Pogoplug Mobile (hands-on)


The cloud is huge (well, infinite, really), and everybody wants their piece. Pogoplug has been a playersince the beginning, albeit with a somewhat convoluted setup process, so it’s no surprise that the drive-to-web plug appliance company is ready to push out a smartphone-friendly version. Pogoplug Mobile, as it’s to be known, brings much of its big brother’s functionality (you won’t be able to “mount” remote drives) to smartphones, tablets, and dedicated desktop apps. Want to load some photos from your 4 terabyte hard drive in San Fran while you’re on the subway in Tokyo? Simply launch an app, sign in with the username and password you registered during the seconds-long setup process, and you’re on your way. You can even email photos (links to images on your remote drive — you won’t be using data), post them to social networking sites, or transfer new ones that you shot with the phone. The concept is certainly familiar, but we got to take a look at Pogoplug’s interpretation at IFA in Berlin. Jump past the break to see what we thought.

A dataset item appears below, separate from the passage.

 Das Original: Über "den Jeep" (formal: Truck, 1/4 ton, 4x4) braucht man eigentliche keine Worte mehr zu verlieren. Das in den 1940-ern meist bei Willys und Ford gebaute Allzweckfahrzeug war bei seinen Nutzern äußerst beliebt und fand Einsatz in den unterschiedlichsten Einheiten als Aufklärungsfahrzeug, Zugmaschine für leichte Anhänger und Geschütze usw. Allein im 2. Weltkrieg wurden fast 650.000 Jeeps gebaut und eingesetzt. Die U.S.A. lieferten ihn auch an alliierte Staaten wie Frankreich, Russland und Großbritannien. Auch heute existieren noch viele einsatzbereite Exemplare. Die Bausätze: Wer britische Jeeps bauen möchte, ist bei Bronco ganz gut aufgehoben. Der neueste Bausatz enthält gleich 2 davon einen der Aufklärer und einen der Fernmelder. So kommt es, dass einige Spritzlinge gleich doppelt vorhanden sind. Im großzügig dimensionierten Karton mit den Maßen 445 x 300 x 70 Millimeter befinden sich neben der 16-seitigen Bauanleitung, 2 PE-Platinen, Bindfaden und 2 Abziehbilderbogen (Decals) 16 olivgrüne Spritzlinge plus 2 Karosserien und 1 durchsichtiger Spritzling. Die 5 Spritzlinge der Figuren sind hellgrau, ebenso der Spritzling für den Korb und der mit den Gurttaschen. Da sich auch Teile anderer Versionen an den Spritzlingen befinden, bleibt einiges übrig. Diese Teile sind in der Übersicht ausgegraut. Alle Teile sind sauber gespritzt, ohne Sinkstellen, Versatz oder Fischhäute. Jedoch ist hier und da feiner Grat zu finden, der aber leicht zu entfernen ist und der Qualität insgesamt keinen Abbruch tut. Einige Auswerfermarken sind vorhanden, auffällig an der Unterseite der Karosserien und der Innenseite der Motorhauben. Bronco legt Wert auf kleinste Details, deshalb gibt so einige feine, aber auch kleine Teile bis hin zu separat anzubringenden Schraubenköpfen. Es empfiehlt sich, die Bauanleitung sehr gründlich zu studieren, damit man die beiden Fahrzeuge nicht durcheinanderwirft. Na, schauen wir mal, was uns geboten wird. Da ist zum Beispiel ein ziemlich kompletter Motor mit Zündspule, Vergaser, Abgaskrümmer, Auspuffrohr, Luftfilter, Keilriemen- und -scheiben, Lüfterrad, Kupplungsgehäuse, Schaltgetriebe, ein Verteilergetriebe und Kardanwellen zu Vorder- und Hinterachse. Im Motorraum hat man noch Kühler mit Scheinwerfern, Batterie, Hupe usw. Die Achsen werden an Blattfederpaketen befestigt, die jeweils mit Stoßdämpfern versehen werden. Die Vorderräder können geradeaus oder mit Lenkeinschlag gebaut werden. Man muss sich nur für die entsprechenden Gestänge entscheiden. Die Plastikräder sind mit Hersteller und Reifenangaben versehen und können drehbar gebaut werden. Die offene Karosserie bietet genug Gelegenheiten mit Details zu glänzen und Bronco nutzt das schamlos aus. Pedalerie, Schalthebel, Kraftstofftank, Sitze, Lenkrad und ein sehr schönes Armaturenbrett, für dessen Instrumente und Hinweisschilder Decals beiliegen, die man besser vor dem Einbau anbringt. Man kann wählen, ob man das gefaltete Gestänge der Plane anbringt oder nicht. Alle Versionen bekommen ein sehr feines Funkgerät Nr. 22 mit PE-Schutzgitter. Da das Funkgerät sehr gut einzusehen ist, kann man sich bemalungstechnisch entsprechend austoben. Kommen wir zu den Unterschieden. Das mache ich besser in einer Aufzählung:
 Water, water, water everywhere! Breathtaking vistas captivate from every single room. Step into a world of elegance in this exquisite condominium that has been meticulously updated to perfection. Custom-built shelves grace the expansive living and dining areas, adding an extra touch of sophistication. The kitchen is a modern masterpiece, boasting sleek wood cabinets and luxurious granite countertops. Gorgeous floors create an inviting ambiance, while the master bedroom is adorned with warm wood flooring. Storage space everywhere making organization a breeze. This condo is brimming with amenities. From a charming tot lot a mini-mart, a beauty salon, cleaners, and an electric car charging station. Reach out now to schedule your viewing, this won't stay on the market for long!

The first thing you’ll probably notice is that this Pogoplug isn’t a plug at all, much like the Pro. Instead, it’s a standalone device (similar in size, though not in shape to the latest-gen Apple TV), with external power adapter and all. There’s an Ethernet port, along with a pair of USB ports (one can be used to connect a WiFi dongle, though you won’t find it in the box). External design obviously isn’t all that critical, since you’ll (hopefully) never see the device again once it’s all set up. Inner beauty is what we’re looking for here, and in our somewhat limited time with the Mobile, the interface looked to be fast, intuitive, and efficient.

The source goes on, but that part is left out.